*Given data*
-- Opening Marker --

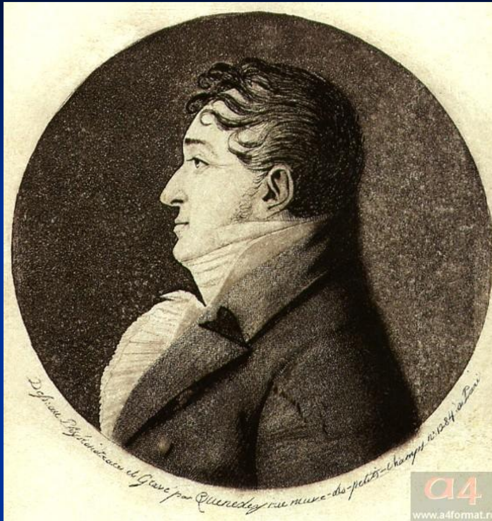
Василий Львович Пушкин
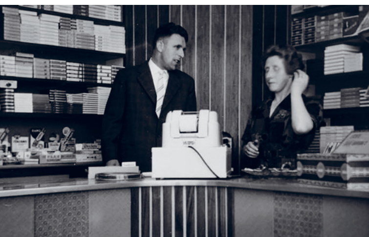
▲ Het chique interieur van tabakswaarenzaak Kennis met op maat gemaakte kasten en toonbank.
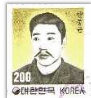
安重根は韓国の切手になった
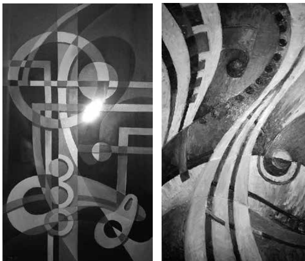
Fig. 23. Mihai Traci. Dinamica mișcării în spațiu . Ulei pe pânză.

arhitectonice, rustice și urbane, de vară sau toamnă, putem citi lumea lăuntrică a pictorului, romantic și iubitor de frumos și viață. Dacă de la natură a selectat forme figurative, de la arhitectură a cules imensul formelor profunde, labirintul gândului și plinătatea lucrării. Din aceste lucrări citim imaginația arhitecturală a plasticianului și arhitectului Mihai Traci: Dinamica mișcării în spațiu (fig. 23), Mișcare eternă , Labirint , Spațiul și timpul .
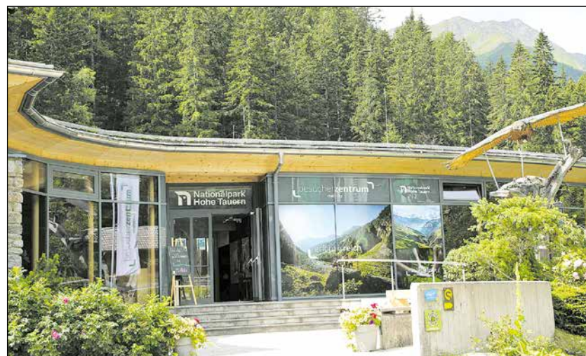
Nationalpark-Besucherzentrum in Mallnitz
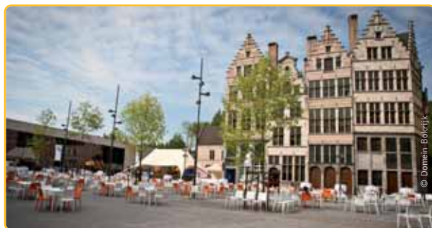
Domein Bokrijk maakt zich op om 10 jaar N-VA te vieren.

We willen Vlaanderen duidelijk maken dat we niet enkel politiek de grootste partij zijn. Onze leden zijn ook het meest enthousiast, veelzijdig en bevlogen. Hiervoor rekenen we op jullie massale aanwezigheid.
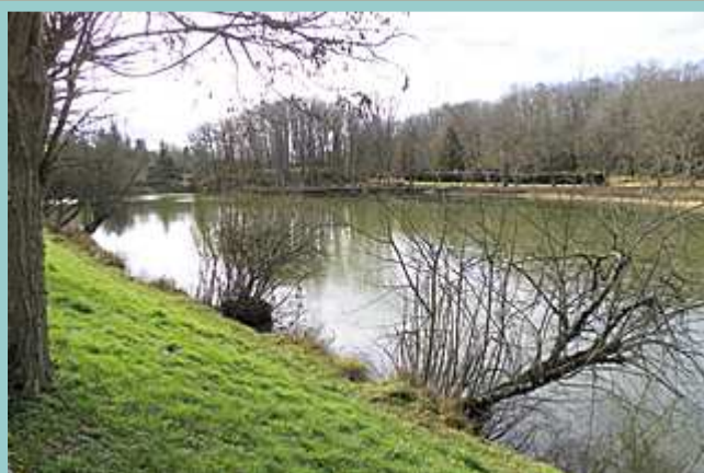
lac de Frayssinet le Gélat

-- Closing Marker --
-- Opening Marker --

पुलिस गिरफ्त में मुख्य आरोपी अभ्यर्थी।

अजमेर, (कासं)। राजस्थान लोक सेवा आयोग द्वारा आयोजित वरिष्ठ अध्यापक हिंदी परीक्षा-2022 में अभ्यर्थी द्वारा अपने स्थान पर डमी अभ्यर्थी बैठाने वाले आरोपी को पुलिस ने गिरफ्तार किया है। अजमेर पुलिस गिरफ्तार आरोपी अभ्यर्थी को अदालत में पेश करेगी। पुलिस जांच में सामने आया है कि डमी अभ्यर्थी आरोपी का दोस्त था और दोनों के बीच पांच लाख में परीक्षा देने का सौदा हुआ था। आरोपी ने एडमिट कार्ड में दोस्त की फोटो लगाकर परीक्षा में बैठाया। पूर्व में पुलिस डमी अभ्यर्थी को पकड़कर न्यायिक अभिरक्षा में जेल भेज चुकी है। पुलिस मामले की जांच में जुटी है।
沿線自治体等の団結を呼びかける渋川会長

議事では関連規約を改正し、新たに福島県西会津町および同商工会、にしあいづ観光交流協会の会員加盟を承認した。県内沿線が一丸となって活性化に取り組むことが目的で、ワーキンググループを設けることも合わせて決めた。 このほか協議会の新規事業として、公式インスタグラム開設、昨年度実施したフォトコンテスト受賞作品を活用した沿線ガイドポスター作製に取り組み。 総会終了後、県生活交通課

-- Closing Marker --

*Problem requirements*
Each line in the listing either holds the word "Dinamica" or does not. Report how many do, as a bare number.

*Response for this exercise*
2